Essencialmente, midrash é a ponte sobre o abismo do tempo entre o mundo do texto original, há trinta ou quarenta séculos, e nosso mundo no tempo e lugar atuais. O Midrash não pergunta “O que o texto significava então?”, mas sim, “O que o texto significa para mim agora?” Por trás do midrash há três princípios fundamentais de fé.

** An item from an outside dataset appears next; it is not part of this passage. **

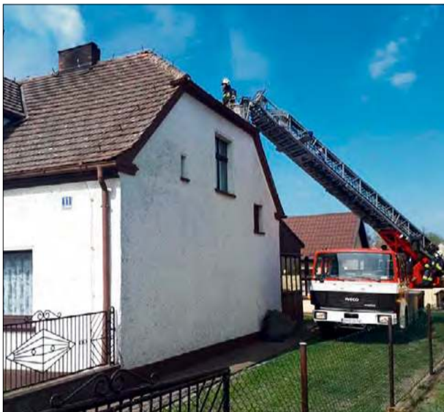
W sezonie grzewczym strażacy często wyjeżdżają do kominowych pożarów.

Chodzi m.in. o montowanie czujek dymu w mieszkaniach i domach. Urządzenia monitorujące poziom tlenu węgla powinny być zamontowane w miejscach, gdzie

Primeiro, a Torá é a palavra de D'us, e assim como D'us transcende o tempo, também Sua palavra. Seria absurdo, por exemplo, supor que algum ser humano há mais de três mil anos poderia ter previsto smart phones, mídia social e estar online, 24 horas em 7 dias. Porém o Shabat fala exatamente daquele fenômeno e às nossas necessidades para um detox digital uma vez por semana. D'us fala conosco hoje nas inflexões insuspeitadas de palavras que Ele falou há três séculos.

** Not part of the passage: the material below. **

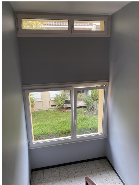
Ouvertures étage 2
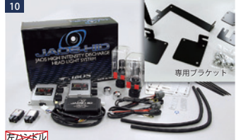
JAOS HIDヘッドライト車種別専用キット2 ■HID/バルブ：H4DUAL(H/Low切替)6000K(ライトブルーホワイト/PHILIPS製) ■HID/バラスト：インバーター・イグナイター(Panasonic製) ■専用ブラケット：ステンレス製/カチオン塗装

Segundo, o pacto entre D'us e nossos ancestrais no Monte Sinai ainda existe hoje. Sobreviveu ao exílio da babilônia, à destruição romana, a séculos de dispersão, e ao Holocausto. A Torá é o texto daquele pacto, e nos mantém firmes.
Terceiro, os princípios da Torá mudaram muito pouco nos séculos passados. Com certeza, não temos mais um templo ou sacrifícios. Não mais praticamos pena capital. Mas os valores que estão na Torá são relevantes à sociedade contemporânea e à nossa vida individual na época que vivemos, Século 21. Portanto, não meramente lemos a Torá. Nós a trazemos ao nosso tempo, nossas vidas, nossa leitura mais atenta, e nossos compromissos existenciais mais profundos.
Minhas próprias crenças foram formadas naquela conversa continuada com o texto bíblico que é parte da mente judaica e da semana judaica. É por isso que, para enfatizar este envolvimento pessoal, decidi chamar as séries desse ano de Pacto e Conversação, de ‘Eu Acredito’, como uma maneira de dizer, que isso é como eu vejo o mundo, tendo ouvido o mais atentamente que posso à Torá e suas mensagens para mim agora.
A Torá não é um tratado sistemático sobre crenças mas é uma forma única de ver o mundo a reagir a ele. E numa era de escuridão moral, sua mensagem ainda brilha. Portanto, de qualquer forma, eu acredito. Que seja um ano de aprendizado e crescimento para todos nós.